What this means to you: Nursing home litigation is on the rise, and the evidence reported in this case seems to support the premise that some increase is merited. In light of the evidence, it’s little wonder the defendants were interested in settling their case.
The single most striking aspect of this case was the cover-up, not only at the time of the incident but also before the state’s regulatory agency. It seems that no one on staff actually came out and told the patient’s daughter what actually had occurred.
"The actions taken by the nurses in this instance were in clear violation of the Code of Ethics for Nurses as adopted by the American Nurses Association at its June 2001 meeting," states Cheryl A. Whiteman, RN, MSN, CPHRM, a risk manager for Cigna Healthcare of Florida Inc., whose opinion does not necessarily reflect Cigna’s.
"Clearly, the charge nurse that caused the patient to fall, the nurses that helped clean up’ afterwards, and the supervisory nurse that provided erroneous information to the regulatory agency were not promoting, advocating for or striving to protect the health, safety, and rights of this particular patient. Neither were the nurses preserving integrity and safety, nor were they particularly compassionate or respectful toward the patient. Their actions were quite the opposite," she says.
There is a national shortage of nurses and, rather than hire a perhaps more qualified but albeit temporary and more expensive agency person, staff nurse positions may be filled by nurses that are not as highly skilled or trained as desired. Further, nurses, like other workers, should be allowed to work more than one full-time job.
"However, even in times when it is difficult to fill positions with nurses that are not already overworked, basic qualifications should be covered or at least noted in the employee’s personnel file. While we are not told why the nurse had been suspended, it does seem that the facility did know of at least some of the nurse’s shortcomings," notes Whiteman.

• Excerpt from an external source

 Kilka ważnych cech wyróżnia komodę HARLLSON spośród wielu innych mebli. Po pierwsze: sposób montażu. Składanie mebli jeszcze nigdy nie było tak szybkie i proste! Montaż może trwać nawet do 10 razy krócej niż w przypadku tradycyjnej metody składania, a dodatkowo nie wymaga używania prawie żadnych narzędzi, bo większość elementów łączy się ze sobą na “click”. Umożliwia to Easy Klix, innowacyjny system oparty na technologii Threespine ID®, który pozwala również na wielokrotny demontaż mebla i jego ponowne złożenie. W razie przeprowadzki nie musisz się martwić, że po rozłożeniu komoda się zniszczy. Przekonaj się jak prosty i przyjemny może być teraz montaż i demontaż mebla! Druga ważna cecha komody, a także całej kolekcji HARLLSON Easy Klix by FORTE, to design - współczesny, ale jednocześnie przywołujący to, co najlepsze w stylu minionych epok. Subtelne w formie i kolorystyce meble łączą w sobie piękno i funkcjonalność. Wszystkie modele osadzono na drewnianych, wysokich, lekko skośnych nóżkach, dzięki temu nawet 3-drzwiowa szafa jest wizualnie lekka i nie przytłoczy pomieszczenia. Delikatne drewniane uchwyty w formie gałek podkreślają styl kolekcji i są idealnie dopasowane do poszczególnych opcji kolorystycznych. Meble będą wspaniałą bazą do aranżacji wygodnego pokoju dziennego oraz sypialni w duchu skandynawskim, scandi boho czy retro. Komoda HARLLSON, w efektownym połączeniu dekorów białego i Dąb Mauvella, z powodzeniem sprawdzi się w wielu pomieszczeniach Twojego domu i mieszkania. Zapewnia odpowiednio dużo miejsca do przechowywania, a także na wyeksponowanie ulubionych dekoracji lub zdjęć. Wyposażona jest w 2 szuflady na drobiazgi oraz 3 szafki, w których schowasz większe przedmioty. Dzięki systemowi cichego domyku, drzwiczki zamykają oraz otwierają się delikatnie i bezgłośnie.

It is almost impossible to believe that a nurse would not be aware of the need for, or at least recognize, a patient care plan, particularly for patients in long-term care facilities.
"Regardless, at a minimum, the caregiver should have access to the patient’s medical history," Whiteman says. "The patient history in this case would have played a pivotal role in addressing the situation. At a minimum, the nurse should have known that the patient was on a blood thinner and known that falls and even bumps suffered by such patients may be more critical.

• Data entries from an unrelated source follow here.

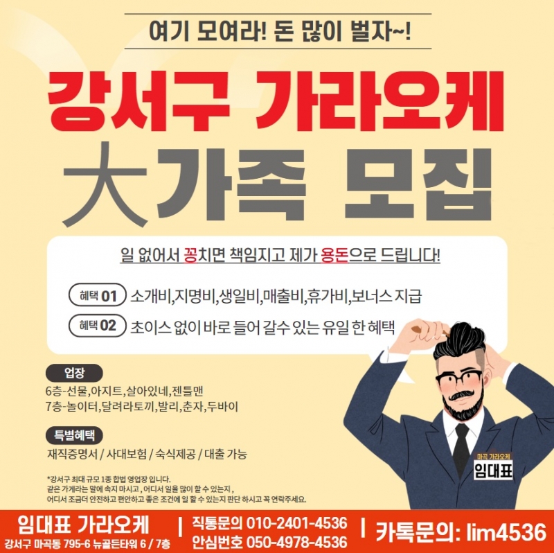 강서구 일반노래방 5개 업장 및 일반BAR 업장 또 협력 업체 가 준비 되어 있습니다.
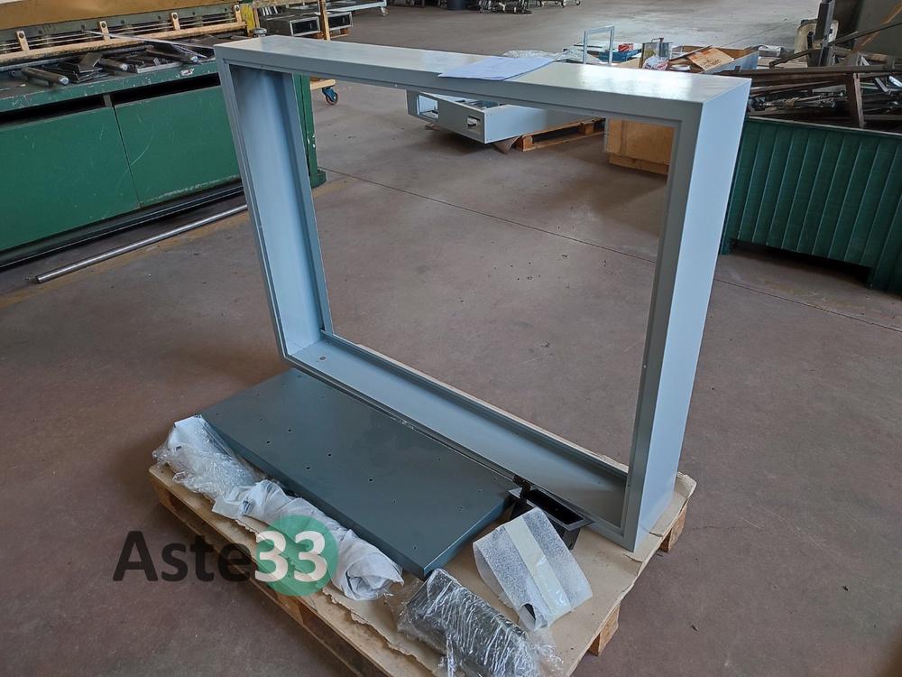 Banco da lavoro con struttura metallica con sopra materiale metallico;
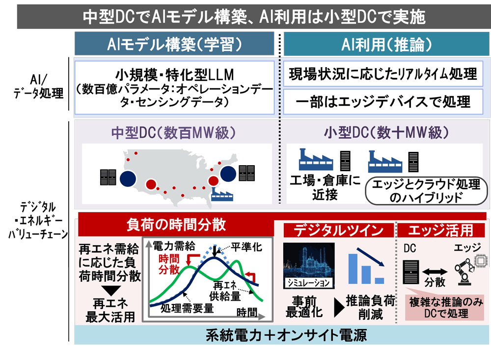 製造業や物流分野などにおけるオペレーション・保守のケースでは、比較的小規模(数百億パラメータ)で業種・企業特有のデータを学習した特化型のAIモデル構築に加え、AI利用の段階では現場の状況を基に秒単位で判断・制御するリアルタイム処理が必要となる。こうした用途では、AIモデルを構築するための学習処理は数百MW級の中型DCで行い、現場でのAI利用段階では小型DCを工場などに近接して設置することで低遅延な推論を行う。一方で、工場でのAI・ロボットの利用が増えるとDCへの負荷や電力需要も大きくなるが、産業分野における脱炭素の実現に向けて、再エネ活用による低炭素な運用も課題となる。そのため生産計画や予測など、処理時間が調整可能な場合には、変動する再エネ供給に応じた負荷の時間分散を実施することが選択肢となる。また、デジタルツインを活用して、事前に生産工程などを最適化することで毎回の推論処理を削減するとともに、エッジコンピューティングにより比較的単純な処理は各デバイス(例:工場内のロボット)で実行し、複雑な処理のみをDCで行うことで、DCへの処理集中によるエネルギー利用のピークを抑制することが可能となる。

"The lack of a patient care plan can lead to a lack of coordinated care. When caregivers are not provided with the necessary tools, it makes it difficult to render the care needed. Although, in this case it might not have had any positive effect given the charge nurse’s actions toward the patient," she adds.
It is not surprising that all of the defendants settled prior to trial. Even the clinical laboratory recognized the prudence in a nominal settlement. Indeed, the decision to settle may have been triggered by the fact that many states have laws penalizing the abuse, neglect, and abandonment of elders and dependent persons.

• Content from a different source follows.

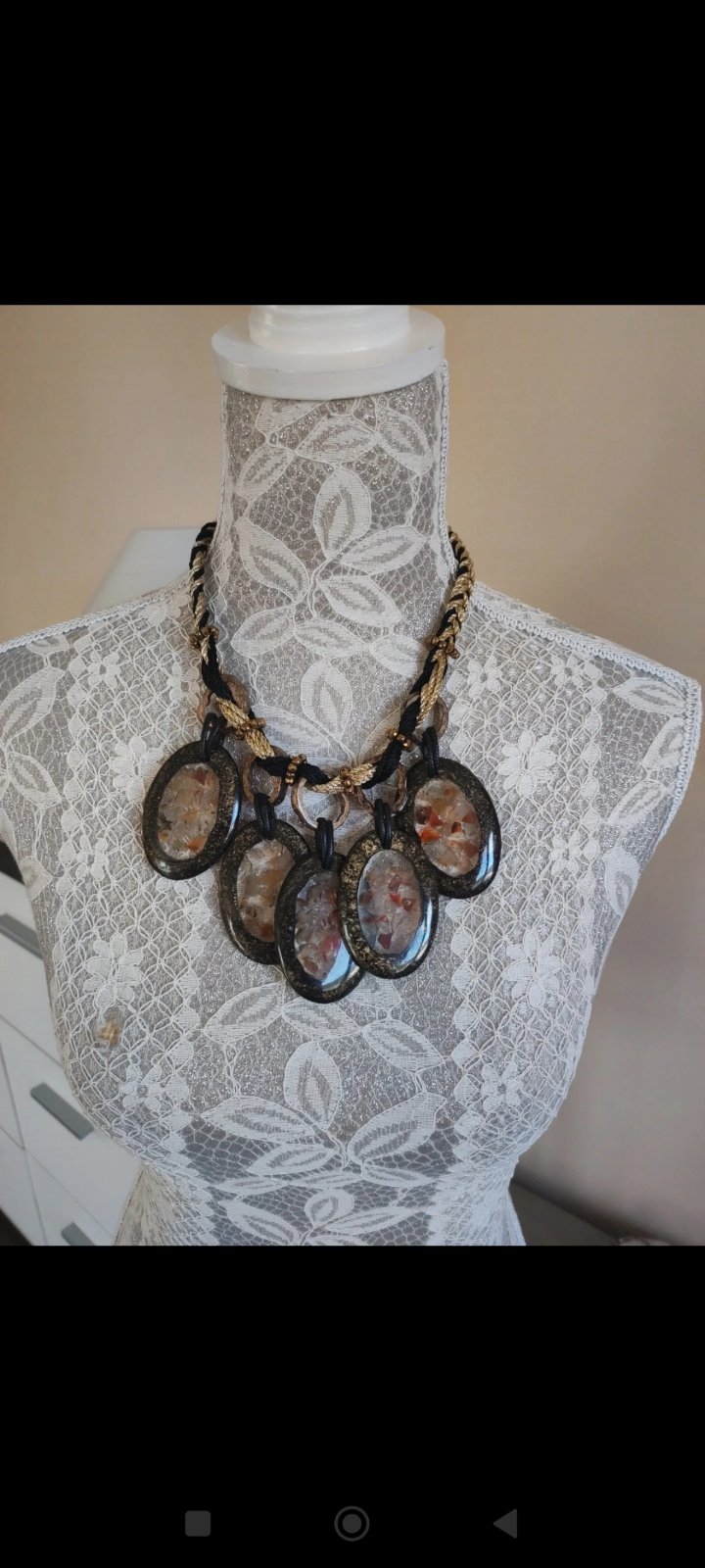 Náhrdelník, myslím, že je to kameň tigrie oko, asi 1-2x bol na krku, inak nenosený. Veľmi dobrý stav.

"You never want to settle, even for minimal amounts, unless it is necessary. But the stack was really against the providers in this instance. Any time you have an overtly callous act by a person who is expected and charged with care giving, it is difficult to avoid liability," concludes Whiteman.
Reference
• Estate of Oscar Gonzalez, deceased, O. Lopez de Gonzalez, et al. v. Unidentified Nursing Home, Unidentified Parent Company of Nursing Home, et al., Harris County (TX) Probate Count, Case No. 320195-401.
An elderly nursing home resident with a history of dementia fell and hit his head. Evidence of the incident was concealed by the nursing staff.